社員同士の距離が近く、風通しのいい風土を保つためにも、デザインの力で環境づくりから働きかけるように意識しています。

「遊びに行く感覚」で会社に行く。チャレンジを楽しめる環境がここにはある

―皆さん忙しくも楽しんで働いているような印象があります。最後に、BAKEのインハウスクリエイターとしてのやりがいを教えてください。

井手口:一般的に洋菓子は女性向けのパッケージが多いですが、BAKEは枠にとらわれないデザインができる。ターゲットよりも商品を主体にしたデザインを重視しているからです。

だから、男女問わずかっこいいと思ってもらえるデザインが多いんですよ。そこは他社の菓子メーカーにない魅力だと思います。

あとは、アートディレクターとして、デザイナーとして、川上から川下まで手がけられるのも魅力。それがインハウスクリエイターのいいところだと思います。

Cheng:戦略からデザインまで一貫して携れるのは大きな魅力ですよね。「会社やブランドをもっと良くしていきたい」という思いをもとにアイデアを出し、それを主体的にデザインに反映できる。

責任もあるけど、やりがいのほうが強いです。私のミッションは、アジア以外の海外にもBAKEブランドを広めることなので、語学もさらに磨いていきたいですね。

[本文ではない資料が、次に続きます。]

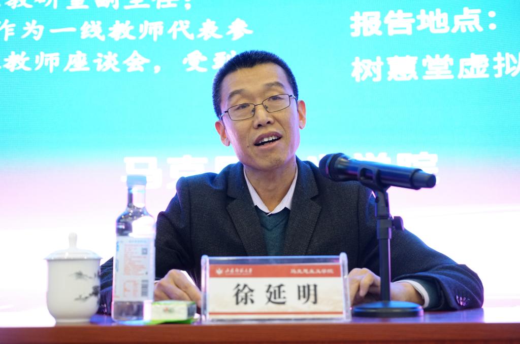 徐延明首先回忆了大学期间的授课恩师以及老师们给予的谆谆教导,对母院多年的培养和关怀表示感谢。他以自身经历告诉同学们,大学期间不能虚度光阴,要“咬定青山不放松”,努力学习全方位提升自己。随后,徐延明结合自己二十多年的基础教育思政课老师经验,告诉同学们,在基础教育中思政课程的重要性,作为一名光荣的思政课教师要常怀使命感,在教学过程中,要将思维专注于学科本质,让思政课走进学生心灵,寻找道德教育的突破口,要引导学生将个人发展与国家、民族的发展融合在一起。最后,徐延明告诉同学们要为自己成为一名思政课教师感到骄傲,勉励学生不畏困难,积极进取,敢于突破,做一名合格的思政教师。

河西:ぼくはBAKEに入社してからいままで、良い意味で「遊びに行く感覚」で会社に行っています。それくらい、仕事を楽しめています。遊び心を大切にしている会社だから、いろんなことにチャレンジできる。「自分が楽しむこと」を出発点にして、会社やブランドのことを考えていけるのが面白いですね。

柿崎:やろうと思ったことは、だいたい何でもできる会社です。自発的に提案して楽しめるメンバーが多く、ほかのチームのいろんな人と気軽に意見交換できるのもBAKEの良いところ。

いまは国内外の出店も加速させていて、さらに多様なメンバーを募集している最中です。新しい仲間が増えるのが楽しみですね。